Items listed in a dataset
========
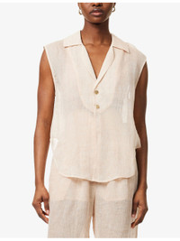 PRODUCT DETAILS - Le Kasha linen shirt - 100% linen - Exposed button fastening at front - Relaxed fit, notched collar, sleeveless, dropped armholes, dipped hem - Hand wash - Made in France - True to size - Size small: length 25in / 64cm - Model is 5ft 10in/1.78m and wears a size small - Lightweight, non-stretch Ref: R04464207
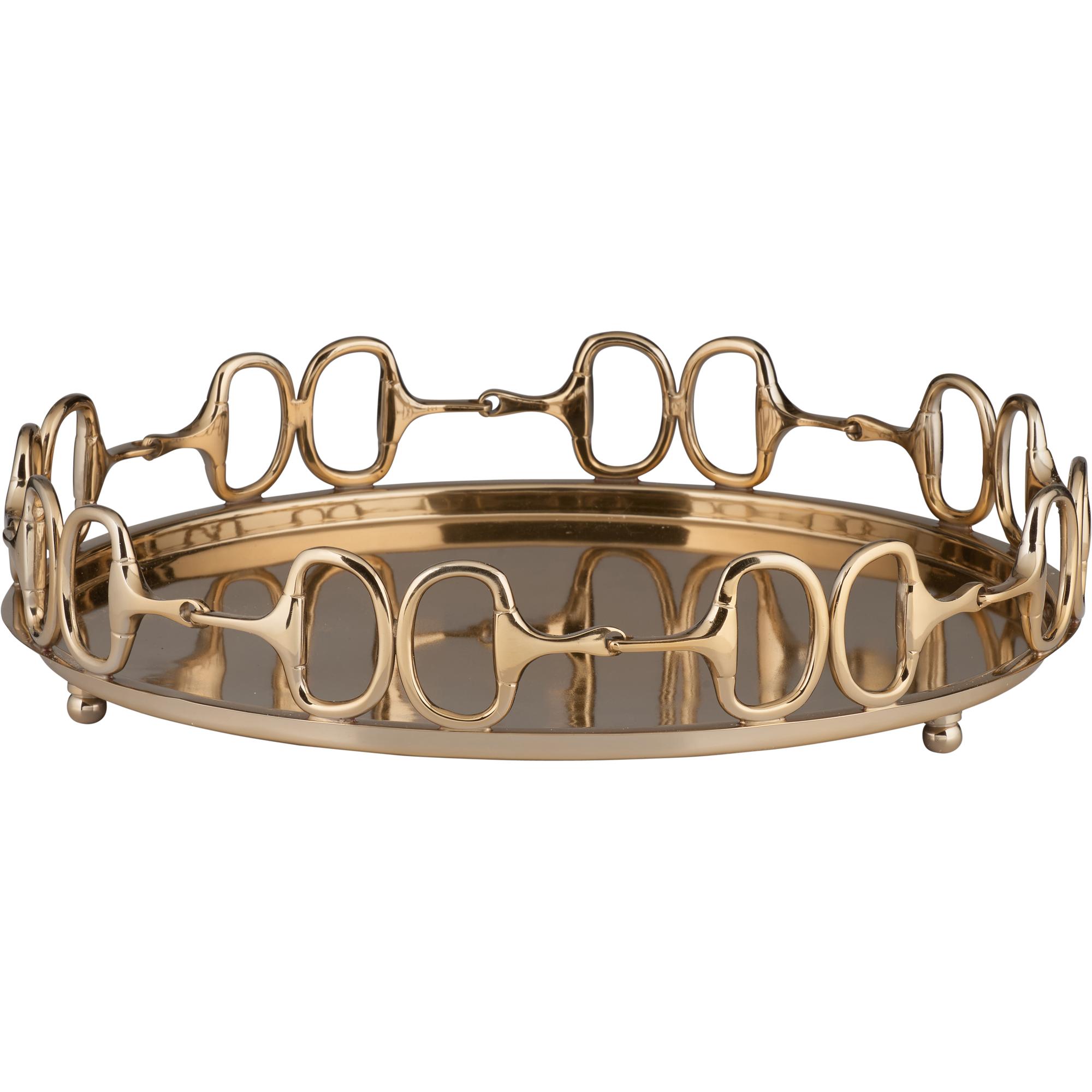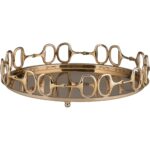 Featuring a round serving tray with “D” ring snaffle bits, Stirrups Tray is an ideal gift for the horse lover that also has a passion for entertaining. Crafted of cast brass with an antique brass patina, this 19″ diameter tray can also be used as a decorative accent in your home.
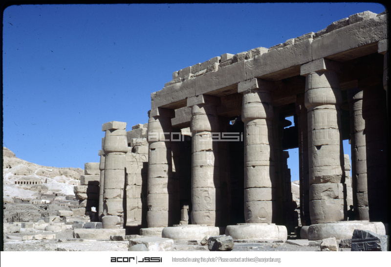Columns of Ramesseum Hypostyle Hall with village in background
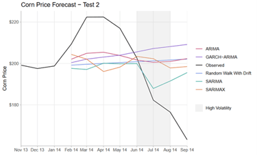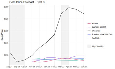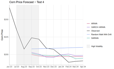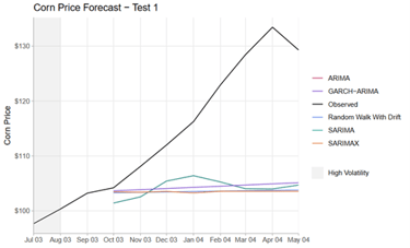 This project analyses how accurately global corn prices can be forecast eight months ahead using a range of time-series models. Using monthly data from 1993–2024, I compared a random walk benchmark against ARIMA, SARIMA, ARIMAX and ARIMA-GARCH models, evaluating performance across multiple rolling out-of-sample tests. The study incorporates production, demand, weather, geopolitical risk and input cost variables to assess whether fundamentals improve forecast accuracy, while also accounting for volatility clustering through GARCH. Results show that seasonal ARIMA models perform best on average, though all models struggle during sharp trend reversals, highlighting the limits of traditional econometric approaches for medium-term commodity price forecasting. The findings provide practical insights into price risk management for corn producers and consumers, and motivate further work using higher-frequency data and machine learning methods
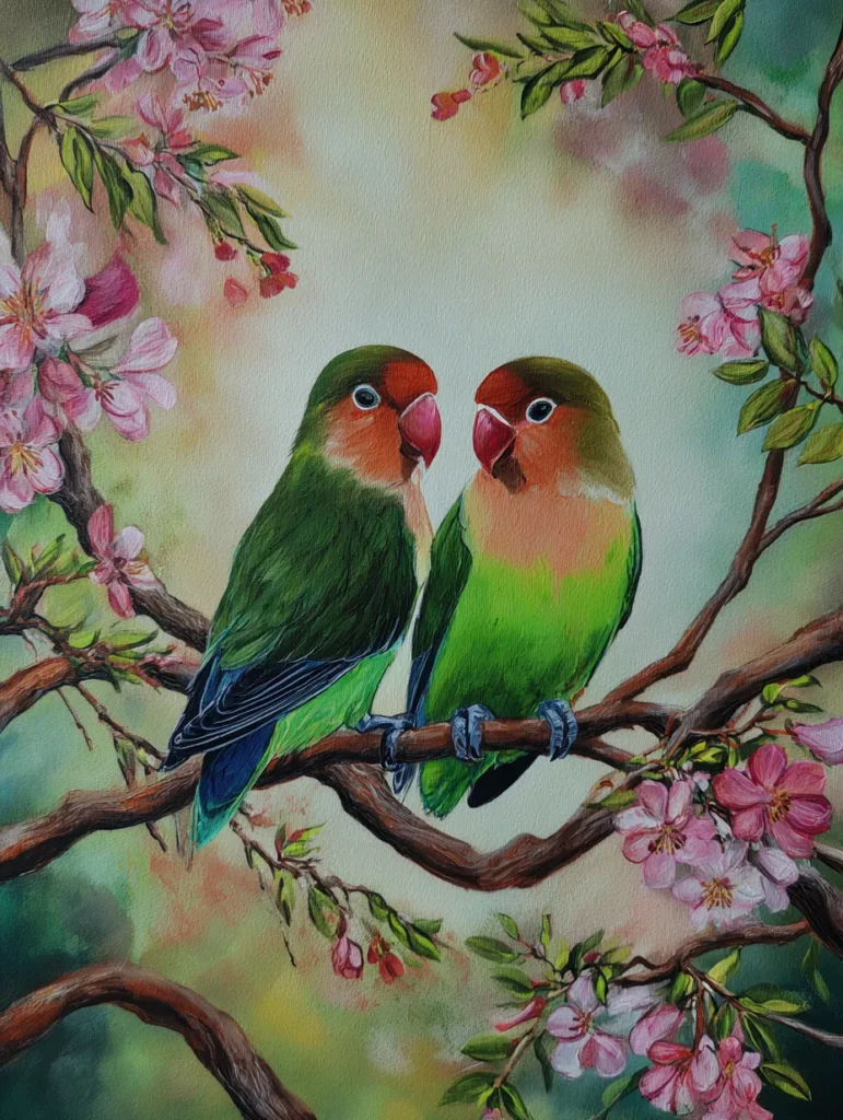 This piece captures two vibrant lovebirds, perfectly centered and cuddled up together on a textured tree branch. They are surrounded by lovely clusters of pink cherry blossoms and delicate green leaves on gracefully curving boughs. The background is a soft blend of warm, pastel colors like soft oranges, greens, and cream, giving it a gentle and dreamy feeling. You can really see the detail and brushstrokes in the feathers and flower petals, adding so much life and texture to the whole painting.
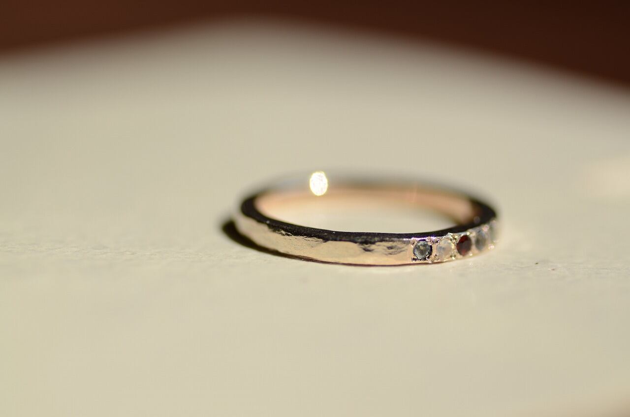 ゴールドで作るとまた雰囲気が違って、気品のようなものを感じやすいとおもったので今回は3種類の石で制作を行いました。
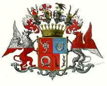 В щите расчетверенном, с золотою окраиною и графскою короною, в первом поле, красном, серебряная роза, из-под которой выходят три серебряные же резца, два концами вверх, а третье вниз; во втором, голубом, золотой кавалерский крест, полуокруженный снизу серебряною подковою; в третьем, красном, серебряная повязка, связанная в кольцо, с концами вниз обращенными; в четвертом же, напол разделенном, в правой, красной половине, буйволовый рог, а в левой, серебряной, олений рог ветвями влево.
========
The required result is the entries above, printed exactly from the first line through the line with "Columns of Ramesseum", pictures excluded.

 PRODUCT DETAILS - Le Kasha linen shirt - 100% linen - Exposed button fastening at front - Relaxed fit, notched collar, sleeveless, dropped armholes, dipped hem - Hand wash - Made in France - True to size - Size small: length 25in / 64cm - Model is 5ft 10in/1.78m and wears a size small - Lightweight, non-stretch Ref: R04464207
 Featuring a round serving tray with “D” ring snaffle bits, Stirrups Tray is an ideal gift for the horse lover that also has a passion for entertaining. Crafted of cast brass with an antique brass patina, this 19″ diameter tray can also be used as a decorative accent in your home.
Columns of Ramesseum Hypostyle Hall with village in background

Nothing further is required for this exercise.